Server config (e.g. httpd.conf)
It is also important to find and fix the reason you get a 400-Bad Request for SSL requests, rather than serving your home page with a 200-OK response; You will indeed get many bad requests -- most of them malicious, and it's important to handle them appropriately. IOW, do not leave 'kludgey work-arounds' on your server if your search ranking matters to you -- Go by the book (the HTTP protocol specifications, in this case) with regard to server response codes and error handling.
---
One question not answered above, and not obvious from the small code snippets you posted:
Do you have *any* working rewriterules in this httpd.conf file?
If not, then there's a good possibility that you have not enabled mod_rewrite processing and/or enabled the rewriting engine within mod_rewrite. To enable mod_rewrite processing, either the FollowSymLinks or the SymLinksIfOwnerMatch Option must be set in the server context in question.
In addition, "RewriteEngine on" must be specified prior to the mod_rewrite code you want to process. Generally, this is only done once at the top of the mod_rewrite code, but you do have the option to enable and disable sections of mod_rewrite code by using "RewriteEngine on" and "RewriteEngine off" ahead of them.
For best results, I suggest that you observe the *exact* syntax specified in the mod_rewrite documentation, and *do not* feel free to play fast and loose with spacing or capitalization, etc.
---
In short, it may be necessary for you to include some 'set up' directives ahead of your code, in order to enable it.
Options +FollowSymLinks
RewriteEngine on
#
RewriteCond %{SERVER_PORT} =443
RewriteRule ^ http://www.example.com/ [R=301,L]
Because (for example) that rule will redirect requests for [example.com...] and other non-HTML resource requests to your non-SSL home page, you may instead wish to make the URL-path tested by the RewriteRule more specific and/or you may wish to redirect each SSL page to its non-SSL counterpart instead of redirecting all to your home page -- for example, changing the rule to:
RewriteCond %{SERVER_PORT} =443
RewriteRule ^/(.*)$ http://www.example.com/$1 [R=301,L]
Jim
1. when you say "server must be restared" after changing httpd.conf, I assume you mean simply that I must invoke a service httpd restart, and not that the whole server must be shut down and started again...
2. I did try to find the bad link, by going through the logs, but I cannot find it.
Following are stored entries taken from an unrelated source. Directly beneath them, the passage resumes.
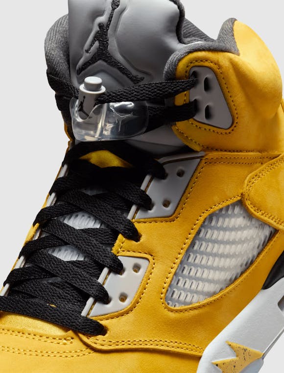 High top sneakers. Nubuck upper. Nubuck overlays around the toe, side panels, and heel counter. Nubuck toe box. Padded nubuck collar. Synthetic transparent perforated cage. Front lacing with a transparent lacelock. Reflective tongue. Embroidered logo on the tongue. Foam midsole. Exposed air unit at the heel. Rubber outsole. Nubuck upper
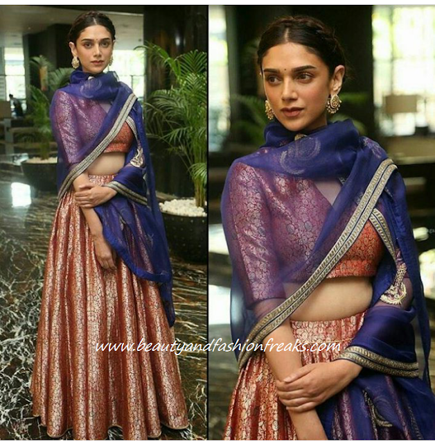 The audio launch of her upcoming movie in Hyderabad saw Aditi in a Raw Mango lehenga. With her hair in a milkmaid braid, she rounded out the look with a pair of statement earrings. Loved the old world charm of this look, the actor looked so elegant and royal!
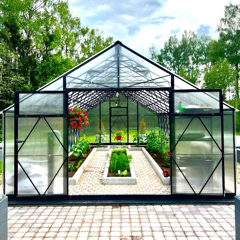 - Kasvihuoneen molemmissa päissä on 88cm leveä ovi, ovessa ilmaikkuna
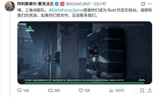 《Rust》开发商 Facepunch Studios 的运营长兼总监 Alistair McFarlane 在预告片发布后不久便在推特上点名指出这一问题。
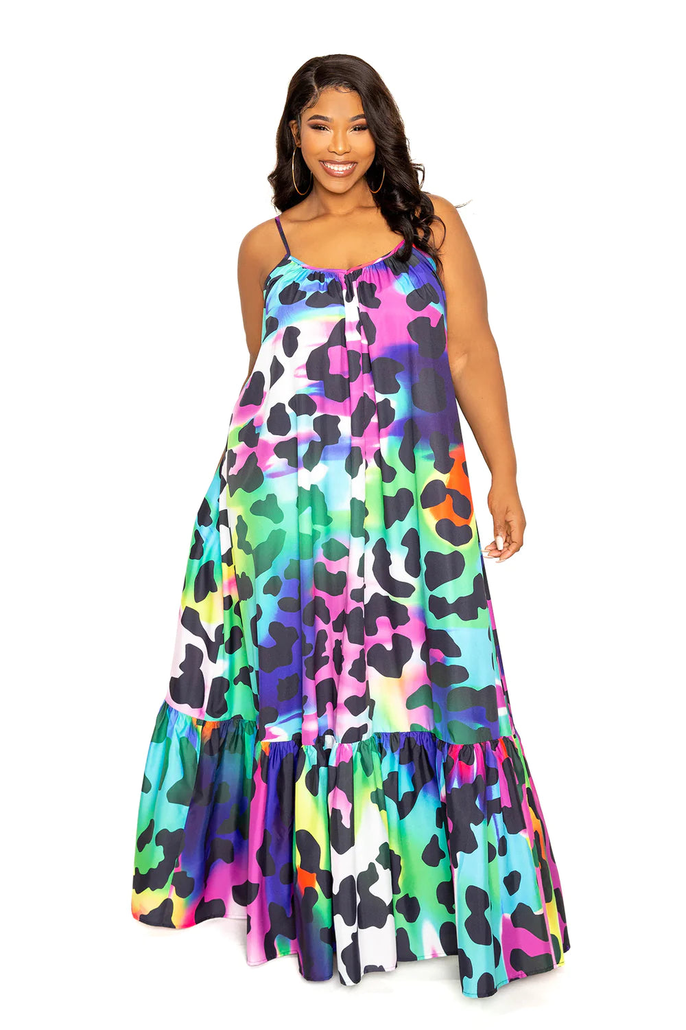 ANIMAL PRINT VOLUMINOUS MAXI DRESS
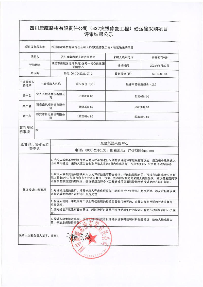 四川康藏路橋有限責(zé)任公司S432線寶興縣兩河口至甘孜界段災(zāi)毀修復(fù)整治工程砼運(yùn)輸采購項目評審結(jié)果公示

Will it be in the ssl or nonssl logs? I am still a bit confused - is this a http request, or a https request? Which log would it be in? Perhaps I don't know how to search - I searched for "400" in the logs, fot the error message 400, but couldn't find anything except references to robots.txt, which didn't make sense... Or does it? If not, how else would I find the cause of the 400 error?
3. Yes, in my httpd.conf, in "<VirtualHost *:80>", I do have "RewriteEngine On", and other rewriterules do work. And yes, Options -Indexes FollowSymLinks is on.
4. I do need to preserve access to https for certain secue sectioins of my site. So, my desire is to just rewrite the example.come:443 into example.com - I don't want to stp any of my acceptable https requests. So I don't think I can do this: RewriteRule ^ http://www.example.com/ [R=301,L]
5. Every change I make to httpd.conf in this vein, I test and then revert if the desired fix didn't take hold. So, I haven't gotten to the point where I got a fix, but perhaps in so doing screwed up my site everywhere ele. As it stands, my httpd.conf is still in in its original; working form. I am concerned about making a "deadly" mistake as you outlined, and know I have a lot of testing to do once I fix the 443 redirect to make sure everything else is untouched.
6. I have over the years done a lot of redirects, and have read the mod_rewrite doc... I am not a pro at all, but I have been successful in gettign these to work in he past. It is just in this case, I have some oddball situation I don't quite understand with the :443 present in the URL. My httpd.conf file is full of rewrites to deal with different robots and bad urls that have been indexed in the past. I simply never saw a :443 before and everythign that has worked for me in the past with different situations for rewritting URLs won't work for this one.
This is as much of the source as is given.